With senior-level wrestlers training for berths on U.S. national teams
and in the Olympics, other athletes could be inspired to excel in
amateur wrestling and other sports on the Augsburg campus.
Rice
has spent a lifetime involved in competing, coaching and promoting
amateur wrestling. As a wrestler, Rice was a two-time state high school
champion, a two-time Big Ten titlist (1948, 1949) at the University
of Minnesota, and a competitor for more than a decade on the Olympic
level. He placed fifth at the 1956 Olympics in Greco-Roman wrestling,
the highest finish for an American at that time. He won national titles
in both freestyle and Greco-Roman in 1956, and finished fifth in the
world in freestyle (1954) and was a place-winner in the 1956 Olympic
Greco-Roman competition.
Upon
the end of his individual career, Rice became an avid coach and supporter
of his sport. In 1972, Rice served his country as head coach of the
U.S. Greco-Roman team at the Olympic Games in Munich, Germany.
In 1966,
he and his wife Gloria formed the Minnesota Amateur Wrestling Club
(now the Gopher Wrestling Club), which has become one of the most
prominent in the country in developing top Greco-Roman wrestlers.
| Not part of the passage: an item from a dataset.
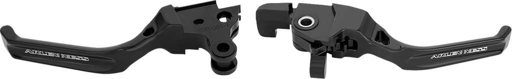 Forged hand levers feature a performance-inspired design with an ergonomic shape & shorty length, Each lever is shaped to enhance the feel & comfort of the hand controls , Backside of each lever is cut out for reduced weight, CNC machined from forged billet aluminum, then polished smooth for a sculpted smooth finish, Includes both throttle side & clutch side levers with laser-engraved Arlen Ness? logos
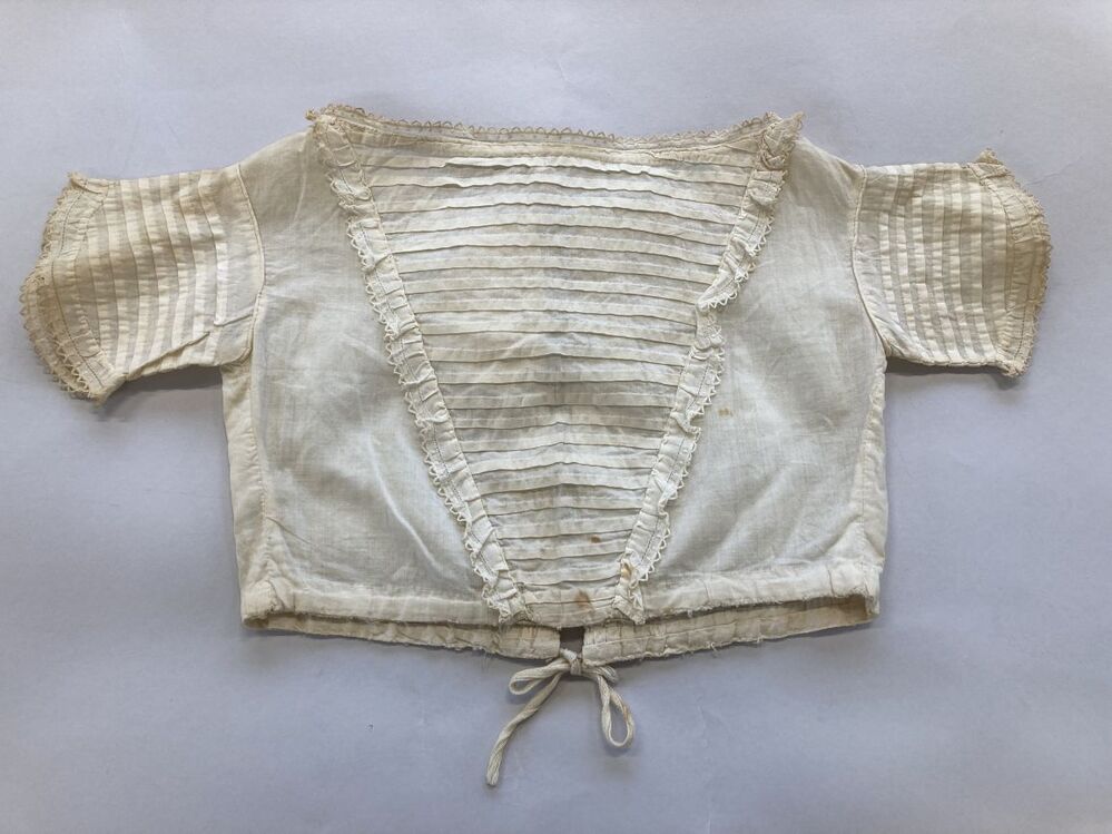 Wit katoenen bovenlijfje met oprijgsels en machinale broderiekant

The club has produced at least one wrestler on every U.S. world championship
or Olympic team each of the last 40 years, a record that, it is believed,
no other wrestling club can boast.
Over
the past three decades, he has helped to raise and contribute nearly
$1 million to endow the Minnesota club for continued training in both
Olympic wrestling disciplines -- Greco-Roman and freestyle. Rice was
inducted into the National Wrestling Hall of Fame in 2001.
The Si
Melby Hall expansion project is one segment of the most ambitious
capital campaign in Augsburg history, the $55 million "Access
to Excellence" campaign. The goal of the campaign is to help
ensure that Augsburg's model of "Transforming Education"
is available for future generations.
The centerpiece
of the campaign is the construction of a new Science Center and renovation
of the existing Science Hall. In addition to the Si Melby Hall expansion,
other components of the campaign include the construction of a Gateway
Building on Riverside Avenue -- which would house the college's alumni
center, StepUP program and retail facilities for the campus and community
-- along with endowment support and annual giving growth.

Alan Rice (center) with Augsburg President Dr. William V. Frame
(right) and Anne Frame (left).

A view of the proposed addition to Si Melby Hall. The addition
is shown from the southwest corner, adjacent to Edor Nelson Field.
The street adjacent to the building is 23rd Avenue South, south of
Riverside Avenue.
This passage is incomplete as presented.